Questo evento già ben delineato nel suo fatto compiuto, conduce poi anche a questa necessità, agli occhi dell’esegeta, il bisogno di approfondimento c’è,  l’indagine storica, lo studio, la raccolta delle testimonianze, porta a considerare altri vari aspetti, lo scenario si apre verso l’indagine storica, dove i personaggi dell’epoca influenti e non si pongono una domanda, forse la più importante di tutte…. “chi è costui” un uomo, figlio di Maria e Giuseppe o il Messia?

Questa curiosità anche avversa conduce molta gente a cercare Gesù,  e Lui non si nega anzi  si dona completamente agli altri, ascoltando, guarendo, predicando, esorcizzando, insegnando, e in questo contesto di miracoli e di vita, c’è anche chi lo accusa.

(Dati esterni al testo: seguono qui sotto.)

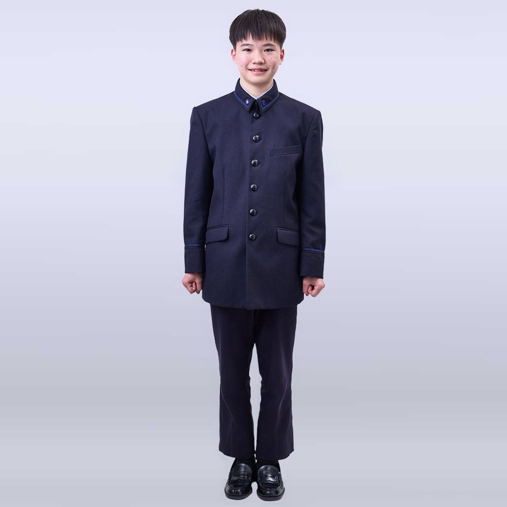 「襟を正す」をテーマにクラシックかつモダンな襟のデザインで伝統校の存在感をアピール。袖を通した時、気持ちが引き締まり、清風生としての心構えを再確認できるような落ち着いた雰囲気に仕上げました。袖にも黒と清風伝統色のブルーのテープを配し、伝統を受け継ぎ正義感あふれる清風生の風格を表現しています。
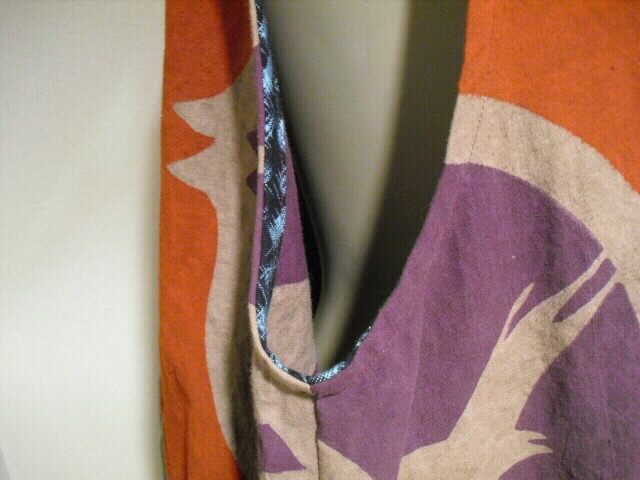 袖ぐりには幅1cmの絣のバイアステープを付けています。 袖口は大きく開けていますので肩や腕の動きも楽で、 インナーに厚手のものや重ね着をしても無理がありません。

Personaggio scomodo Gesù, specialmente per i dotti del Tempio, che si consultano per trovare l’accusa infamante, quell’accusa che lo condurrà alla morte.

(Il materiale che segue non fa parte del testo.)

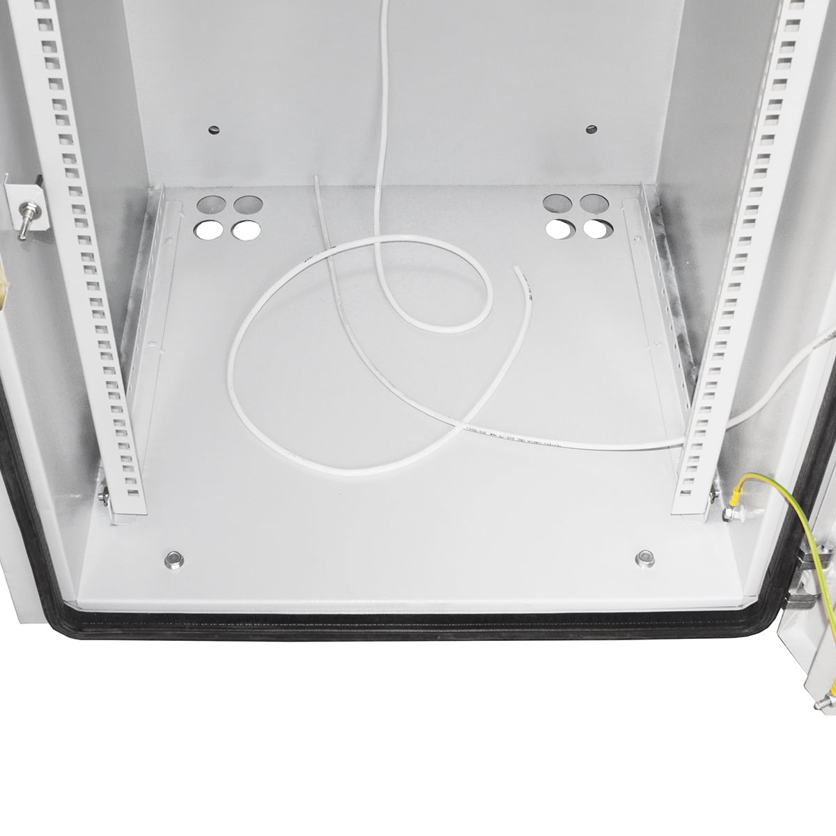 12HE Klimatisierte Rack-Schrank im Freien Aufputz-Klimaschrank für die Außenaufstellung. Die maximale statische Belastung des Schrankes beträgt 100 kg. Zur Grundausstattung gehören eine elektrische Verteilertafel mit Thermostaten, ein gemeinsamer Schalter, eine zusätzliche Steckdose, ein Türöffnungssensor und automatische Ein-/Ausschalter. Die Kabeleinführung erfolgt an der Unterseite des Gehäuses und die Leitungen sind hermetisch abgedichtet. Die erforderliche Temperatur im Inneren des Gehäuses wird durch einen Ventilatorblock geregelt. Die Gehäusewände sind zusätzlich mit Mineralwolle isoliert. Suvald-Schloss zum Schutz vor Diebstahl.

Gesù lo sà, anzi più volte la profetizza davanti ai suoi discepoli, e la rivela come ultimo atto dovuto, come conseguenza inevitabile di quello scandalo suscitato che crea il contrasto tra “i pensieri degli uomini” e “i pensieri di Dio.” Cristo così facendo rivela il significato e la portata della sua salvezza offerta da Dio per mezzo della sua vita della sua parola, “Verbo fatto carne”. Ma i dotti e i sapienti dell’epoca non l’accettano e lo condannano sulla Croce.

Crocifiggilo ….Crocifiggilo…. urlano davanti al Prefetto Ponzio Pilato. Ma la massima autorità interrrolatolo  lo riconosce innocente, e per tre volte lo ripete a loro, mentre la folla tumultuosa grida, vogliamo libero Barabba, crocifiggi Gesù.

La differenza adesso non è soltanto nella storia intesa come fatto compiuto, ma è nell’accettare il Cristo come il Salvatore, l’uomo fatto verbo di Dio, morente sulla Croce per i nostri peccati, resuscitato dalla morte per la nostra salvezza. Questo significato escatologico trova l’uomo a salire sul Golgota e a vedere con i  propri occhi della coscienza…. Perche?    DIO LO VUOLE!

Dio ci chiama per mezzo del Figlio ai piedi della Croce e ci interroga a riflettere con queste parole:

....Figlio sei salito in cima alla montagna…. e cosa hai visto…. una croce, un uomo o una condanna?

Mio signore ho visto di più….. ma la mia anima mi parla  e nella Tua parola trova luce perché essa salva!    

Rifletti: la creatura è impotente davanti a Dio, solo accettando la  Grazia si è salvati!

"Articulus stantis aut cadentis ecclesiae"  ossia, il punto sul quale la chiesa sta o cade!